Work request: All of the listing must be given again exactly, except that the images are dropped.

Segment Start: Supplied data

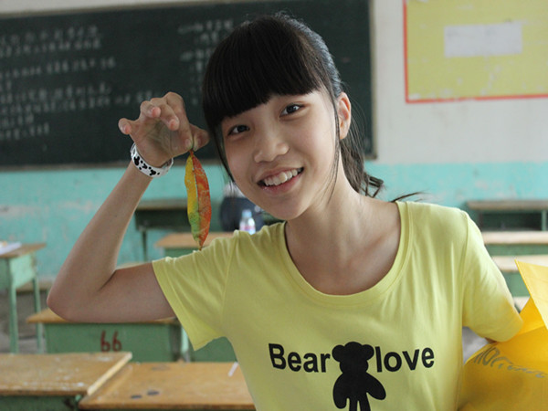 “同学们,刷的时候注意手的力度,顺着叶子上面的脉络往下刷,等正面绿色的叶肉刷干净后再翻到背面继续刷。刷干净后记得要用水清洗,然后放在一旁晾干。”志愿者曹敏站在讲台上举着一片刷净叶肉的树叶说。
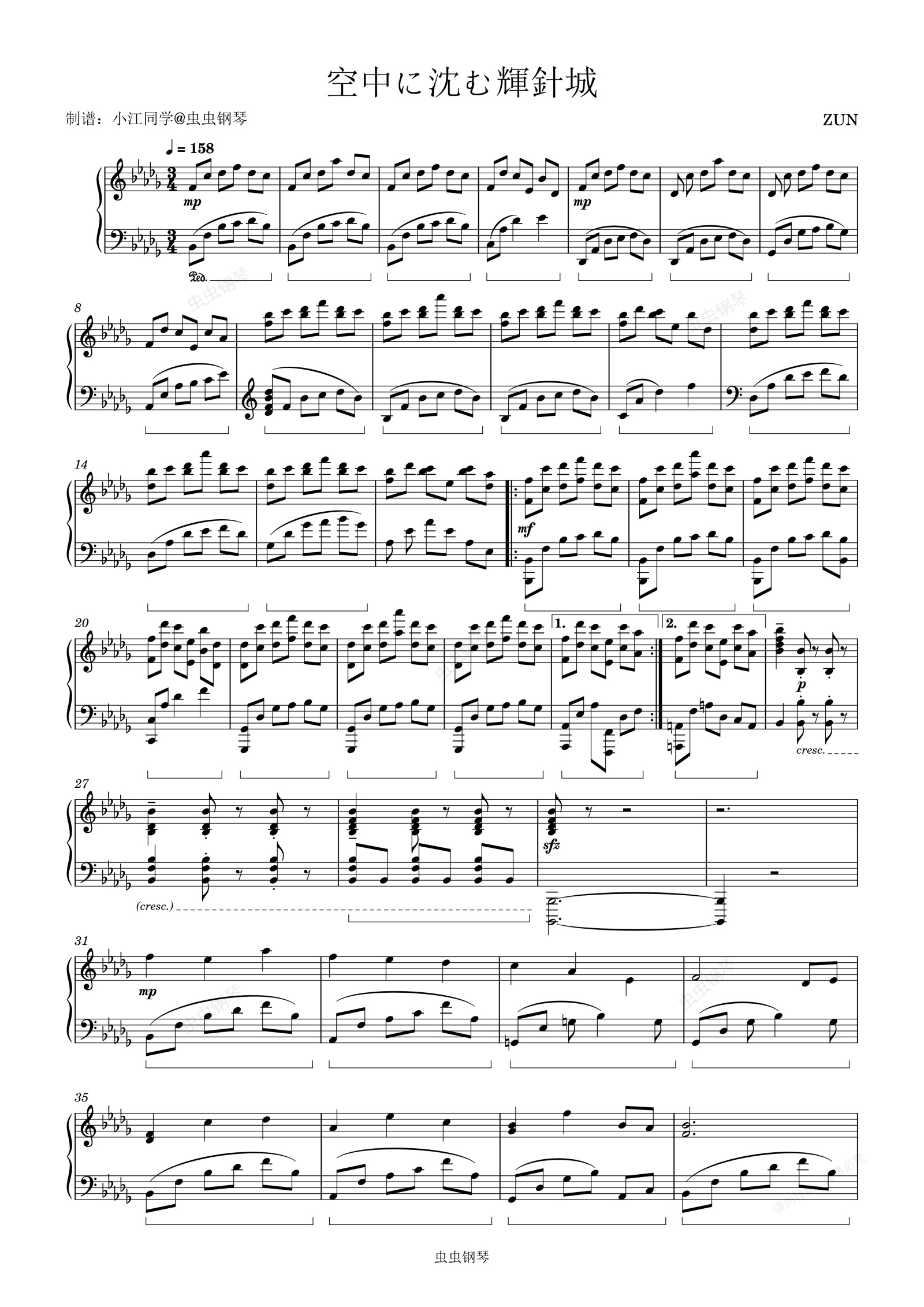 钢琴谱:空中に沈む輝針城 ZUN
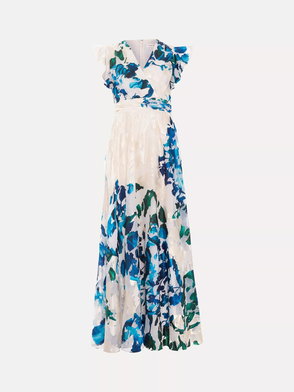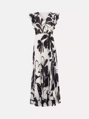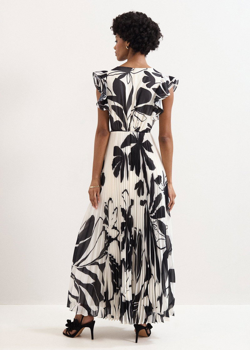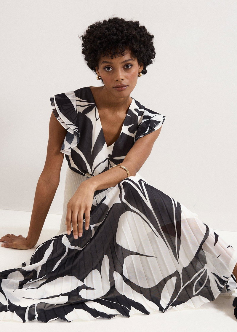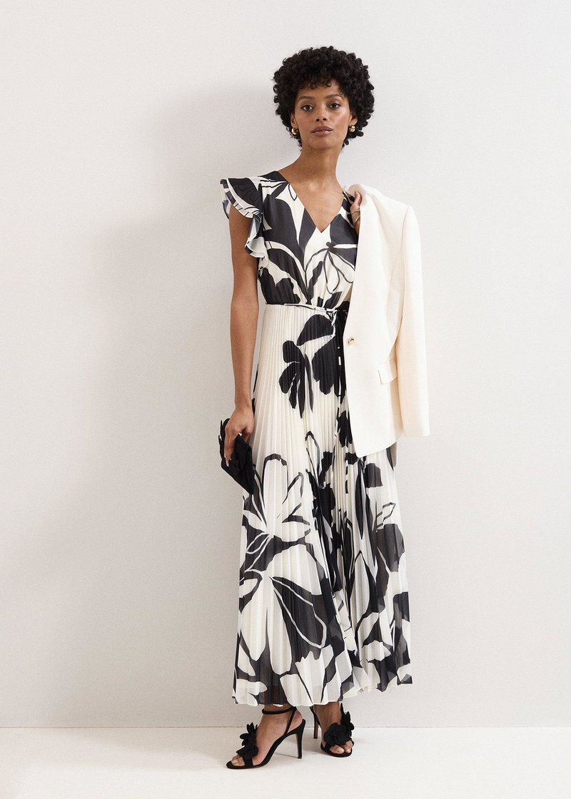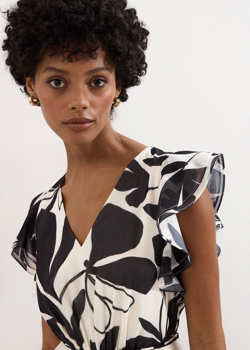 Looking for an event dress that transcends the seasons? Look no further. In a timeless black and ivory, this maxi dress features a feminine V neckline and frilled cap sleeves for a feminine touch.

Segment End: Supplied data

Response to the exercise:
 “同学们,刷的时候注意手的力度,顺着叶子上面的脉络往下刷,等正面绿色的叶肉刷干净后再翻到背面继续刷。刷干净后记得要用水清洗,然后放在一旁晾干。”志愿者曹敏站在讲台上举着一片刷净叶肉的树叶说。
 钢琴谱:空中に沈む輝針城 ZUN
 Looking for an event dress that transcends the seasons? Look no further. In a timeless black and ivory, this maxi dress features a feminine V neckline and frilled cap sleeves for a feminine touch.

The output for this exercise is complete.